Struct as function parameters

When a struct variable is passed as a function parameter, the values of all Members are actually passed, that is, the values of the members in the real parameter are assigned to the corresponding parameter members one by one. Therefore, changes to the form parameter do not affect the real parameter.

Pointer to struct

* Each struct variable has its own storage space and address, so the pointer can also point to the struct variable

* Struct pointer variable definition form: struct name * pointer variable name

* With pointers to struct, there are three access methods for struct members.

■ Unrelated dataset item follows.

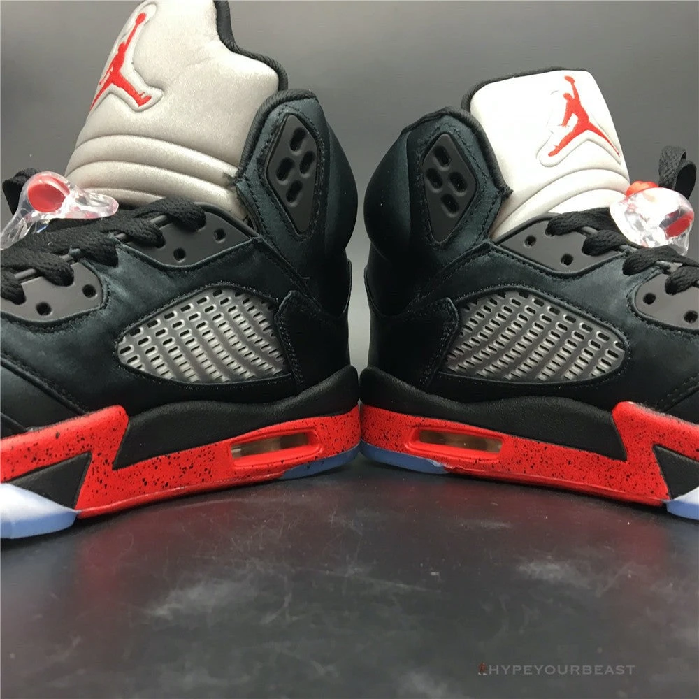 The Chicago Bulls colorway is innovated through the Air Jordan 5 Satin Bred version. Instead of using a leather upper base, Air Jordan 5 Retro Satin Bred showcases the satin construction. This all-black upper has other color combinations on the tan-colored tongue tab with the red Jumpman logo. Even its soles are kicking through the red midsoles with visible Air sole technology. The shark-tooth effects on the soles are in black too. Lastly, the sneakers include white and clear outsoles for a more unique style. Grab these sneakers and nail their impressive color, comfort, and performance.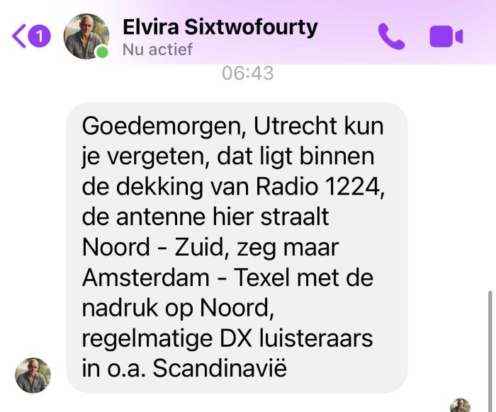 But a few weeks ago I received a message inviting me to tune in to their new frequency of 1224 kHz when I was in the area again. But as I realized that a move to 1224 kHz meant that they increased power I answered that I should be able to hear them here in Woerden. The answer I got was: “forget it, in Utrecht Radio 1224 wiil be dominant:

• Struct variable name. member name

• (* Pointer variable name). Member name

• Pointer variable name-> member name

# Include <stdio. h> int main (int argc, const char * argv []) {// define a struct type struct Student {char * name; int age ;}; // define a struct variable struct Student stu = {"Zhy", 23}; // define a pointer variable struct Student * p pointing to the struct; // point to the struct variable stu p = & stu;/* at this time, you can access the struct member in three ways * // Method 1: struct variable name. member name printf ("name = % s, age = % d \ n", stu. name, stu. age); // Method 2: (* pointer variable name ). member name printf ("name = % s, age = % d \ n", (* p ). name, (* p ). age); // method 3: pointer variable name-> member name printf ("name = % s, age = % d \ n", p-> name, p-> age); return 0 ;}

Enumeration

Concept: enumeration is a basic data type in C, not a constructor type. It can be used to declare a group of constants. When a variable has several fixed possible values, you can define this variable as an enumeration type.

For example, you can use an enumeration type variable to describe the week, because the week is only 7, maybe from Monday to Sunday.

Enumeration type definition

The general format is: enum enumeration name {enumeration element 1, enumeration element 2 ,......};

1. First define the enumeration type and then the enumeration variable

enum Season {spring, summer, autumn, winter};enum Season s;

2. Define both enumeration types and enumeration Variables

enum Season {spring, summer, autumn, winter} s;

3. Omit the enumeration name and define the enumeration variable directly.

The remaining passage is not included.